Please tally how many lines in the entries below include the word "from", giving only the number.

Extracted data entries
* * * *
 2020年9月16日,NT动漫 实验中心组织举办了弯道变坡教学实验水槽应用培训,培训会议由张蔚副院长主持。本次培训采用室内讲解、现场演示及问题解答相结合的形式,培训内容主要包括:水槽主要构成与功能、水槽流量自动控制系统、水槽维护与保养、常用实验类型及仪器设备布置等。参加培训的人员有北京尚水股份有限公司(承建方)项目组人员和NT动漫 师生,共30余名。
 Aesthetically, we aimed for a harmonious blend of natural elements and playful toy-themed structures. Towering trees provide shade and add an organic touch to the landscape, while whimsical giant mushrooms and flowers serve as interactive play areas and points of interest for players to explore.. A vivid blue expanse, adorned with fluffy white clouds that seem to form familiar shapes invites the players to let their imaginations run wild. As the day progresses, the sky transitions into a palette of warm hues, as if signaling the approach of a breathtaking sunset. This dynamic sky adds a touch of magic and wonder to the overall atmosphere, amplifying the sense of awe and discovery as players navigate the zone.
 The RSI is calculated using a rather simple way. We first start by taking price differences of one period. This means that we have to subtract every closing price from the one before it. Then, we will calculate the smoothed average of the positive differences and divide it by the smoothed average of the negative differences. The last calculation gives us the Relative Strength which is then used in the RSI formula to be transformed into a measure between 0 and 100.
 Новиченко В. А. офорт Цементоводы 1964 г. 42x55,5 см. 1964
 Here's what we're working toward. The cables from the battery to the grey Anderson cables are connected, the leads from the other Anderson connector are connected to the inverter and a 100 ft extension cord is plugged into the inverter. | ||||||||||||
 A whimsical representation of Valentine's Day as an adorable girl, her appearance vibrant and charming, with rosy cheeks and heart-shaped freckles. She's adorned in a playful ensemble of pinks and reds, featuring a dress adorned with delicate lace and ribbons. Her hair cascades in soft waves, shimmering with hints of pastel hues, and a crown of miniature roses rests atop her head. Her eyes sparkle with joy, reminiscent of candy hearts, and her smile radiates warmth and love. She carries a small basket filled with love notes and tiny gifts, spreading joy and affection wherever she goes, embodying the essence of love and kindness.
* * * *
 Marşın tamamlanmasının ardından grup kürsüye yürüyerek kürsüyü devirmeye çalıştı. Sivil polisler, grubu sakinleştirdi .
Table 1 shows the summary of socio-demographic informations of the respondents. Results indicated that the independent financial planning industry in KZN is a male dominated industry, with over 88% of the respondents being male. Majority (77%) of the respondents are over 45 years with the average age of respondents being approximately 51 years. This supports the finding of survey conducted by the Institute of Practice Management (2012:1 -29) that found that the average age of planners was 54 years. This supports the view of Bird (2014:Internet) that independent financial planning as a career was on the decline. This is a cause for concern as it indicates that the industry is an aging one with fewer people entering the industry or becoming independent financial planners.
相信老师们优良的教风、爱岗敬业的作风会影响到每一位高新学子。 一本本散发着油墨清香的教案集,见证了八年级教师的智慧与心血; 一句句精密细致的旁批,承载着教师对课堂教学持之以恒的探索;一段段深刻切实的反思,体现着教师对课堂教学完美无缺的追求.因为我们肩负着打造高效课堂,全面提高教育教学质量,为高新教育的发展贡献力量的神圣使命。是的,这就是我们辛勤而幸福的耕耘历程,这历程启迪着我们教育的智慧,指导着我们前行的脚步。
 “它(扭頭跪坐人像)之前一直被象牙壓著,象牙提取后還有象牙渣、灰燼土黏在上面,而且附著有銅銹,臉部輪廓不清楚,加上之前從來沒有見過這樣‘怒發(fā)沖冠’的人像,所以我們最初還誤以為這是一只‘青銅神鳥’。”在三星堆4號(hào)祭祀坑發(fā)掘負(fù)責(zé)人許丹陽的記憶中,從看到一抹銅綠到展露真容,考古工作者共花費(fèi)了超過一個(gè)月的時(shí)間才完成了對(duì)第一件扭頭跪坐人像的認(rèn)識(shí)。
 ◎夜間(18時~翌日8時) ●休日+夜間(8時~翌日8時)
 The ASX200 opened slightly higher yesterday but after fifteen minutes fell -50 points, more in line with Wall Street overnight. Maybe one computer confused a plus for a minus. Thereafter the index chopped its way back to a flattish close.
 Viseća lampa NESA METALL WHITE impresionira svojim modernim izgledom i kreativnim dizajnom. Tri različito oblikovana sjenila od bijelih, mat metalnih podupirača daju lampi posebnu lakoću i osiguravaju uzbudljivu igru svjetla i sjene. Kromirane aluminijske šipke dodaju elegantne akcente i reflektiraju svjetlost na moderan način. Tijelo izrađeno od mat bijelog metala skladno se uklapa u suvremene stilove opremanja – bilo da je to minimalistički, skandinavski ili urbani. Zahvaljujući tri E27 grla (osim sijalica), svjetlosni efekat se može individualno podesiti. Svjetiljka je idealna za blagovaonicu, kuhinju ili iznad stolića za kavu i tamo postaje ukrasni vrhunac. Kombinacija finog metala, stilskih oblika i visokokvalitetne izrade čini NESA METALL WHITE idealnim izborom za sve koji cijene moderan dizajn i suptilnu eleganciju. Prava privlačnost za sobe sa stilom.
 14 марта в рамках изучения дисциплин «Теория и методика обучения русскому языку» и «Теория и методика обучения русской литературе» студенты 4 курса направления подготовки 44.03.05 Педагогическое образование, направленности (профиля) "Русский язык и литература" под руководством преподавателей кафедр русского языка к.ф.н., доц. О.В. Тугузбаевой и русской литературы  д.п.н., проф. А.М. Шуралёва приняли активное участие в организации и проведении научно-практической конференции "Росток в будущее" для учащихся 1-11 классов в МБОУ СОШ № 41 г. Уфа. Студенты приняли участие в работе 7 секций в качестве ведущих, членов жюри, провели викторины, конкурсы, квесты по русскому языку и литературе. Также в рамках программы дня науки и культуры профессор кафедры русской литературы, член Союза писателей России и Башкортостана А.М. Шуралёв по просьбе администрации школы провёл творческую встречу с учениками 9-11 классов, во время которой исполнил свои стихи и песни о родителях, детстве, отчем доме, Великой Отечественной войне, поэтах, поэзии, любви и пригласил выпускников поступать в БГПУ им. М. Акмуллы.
* * * *
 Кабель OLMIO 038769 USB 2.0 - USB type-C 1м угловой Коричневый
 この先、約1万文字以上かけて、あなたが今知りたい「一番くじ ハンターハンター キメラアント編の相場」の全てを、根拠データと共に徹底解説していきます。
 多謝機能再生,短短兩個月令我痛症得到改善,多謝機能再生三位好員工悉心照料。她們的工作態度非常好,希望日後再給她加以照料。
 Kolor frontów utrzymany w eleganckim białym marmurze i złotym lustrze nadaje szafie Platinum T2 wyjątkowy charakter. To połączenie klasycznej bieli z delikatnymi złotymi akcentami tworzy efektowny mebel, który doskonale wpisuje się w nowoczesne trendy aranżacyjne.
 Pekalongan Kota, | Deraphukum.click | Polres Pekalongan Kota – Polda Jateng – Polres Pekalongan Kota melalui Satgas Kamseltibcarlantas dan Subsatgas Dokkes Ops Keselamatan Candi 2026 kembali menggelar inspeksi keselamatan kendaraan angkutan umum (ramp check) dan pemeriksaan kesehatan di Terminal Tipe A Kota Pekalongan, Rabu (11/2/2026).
* * * *
> TASK RESPONSE
2